▶ Task brief: Please print nothing but the lines from the one containing "وقد أعرب كثير" to the final line below, exactly, and no pictures.

____ Data to process

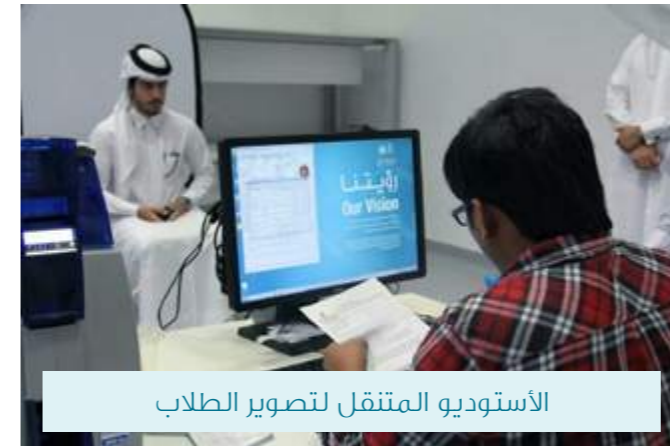
الأستوديو المتنقل لتصوير الطلاب

وقد أعرب كثير من الطلاب عن سرورهم بسهولة تعامل قسم البطاقات الجامعية معهم مما يعكس أهم أهداف القسم في تسهيل الخدمات الجامعية الموصولة للطلاب. هذا ويعتبر
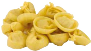
Tortellini crudo di Norcia IGP

La tradizione della pasta fresca all'uovo si unisce con l'eccellenza del prosciutto crudo di Norcia IGP, rinomato per il suo gusto delicato e la sua qualità certificata.
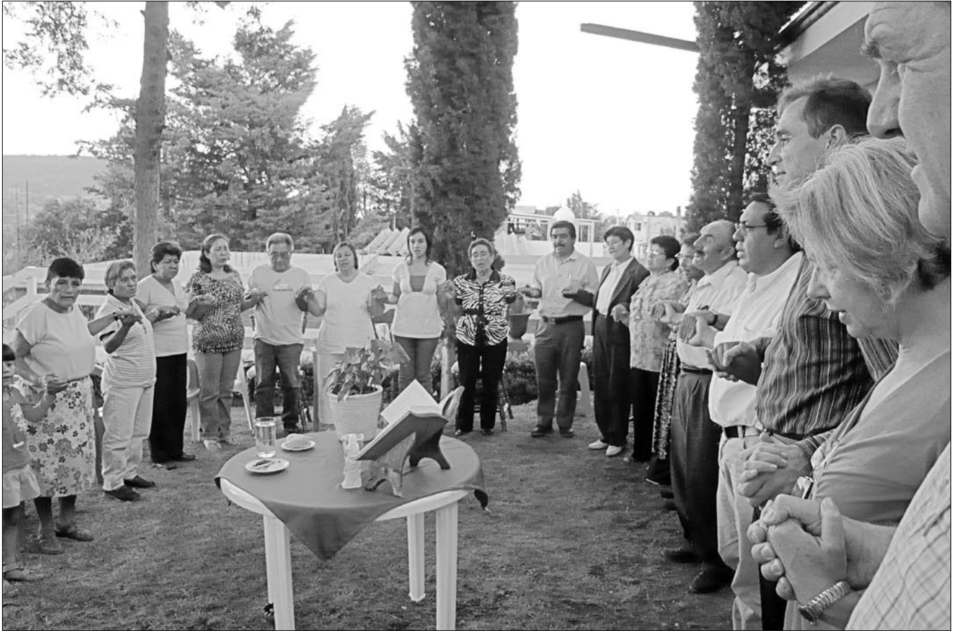
Treffen einer Basisgemeinde in Tula, Mexiko.

Bei Besuchen in Mexiko wird nachgehakt: Jetzt haben wir neue Strukturen – und was dann? Wie macht ihr das konkret? Können wir davon etwas bei uns anwenden? Noch im Mai war eine Delegation von ADVENIAT und Missio (Aachen) in Mexiko. Wir haben Besuche in verschiedenen Pfarreien gemacht und uns intensiv über Grenzen und Möglichkeiten in der pastoralen Praxis

________

▶ Reply:
وقد أعرب كثير من الطلاب عن سرورهم بسهولة تعامل قسم البطاقات الجامعية معهم مما يعكس أهم أهداف القسم في تسهيل الخدمات الجامعية الموصولة للطلاب. هذا ويعتبر
Tortellini crudo di Norcia IGP

La tradizione della pasta fresca all'uovo si unisce con l'eccellenza del prosciutto crudo di Norcia IGP, rinomato per il suo gusto delicato e la sua qualità certificata.
Treffen einer Basisgemeinde in Tula, Mexiko.

Bei Besuchen in Mexiko wird nachgehakt: Jetzt haben wir neue Strukturen – und was dann? Wie macht ihr das konkret? Können wir davon etwas bei uns anwenden? Noch im Mai war eine Delegation von ADVENIAT und Missio (Aachen) in Mexiko. Wir haben Besuche in verschiedenen Pfarreien gemacht und uns intensiv über Grenzen und Möglichkeiten in der pastoralen Praxis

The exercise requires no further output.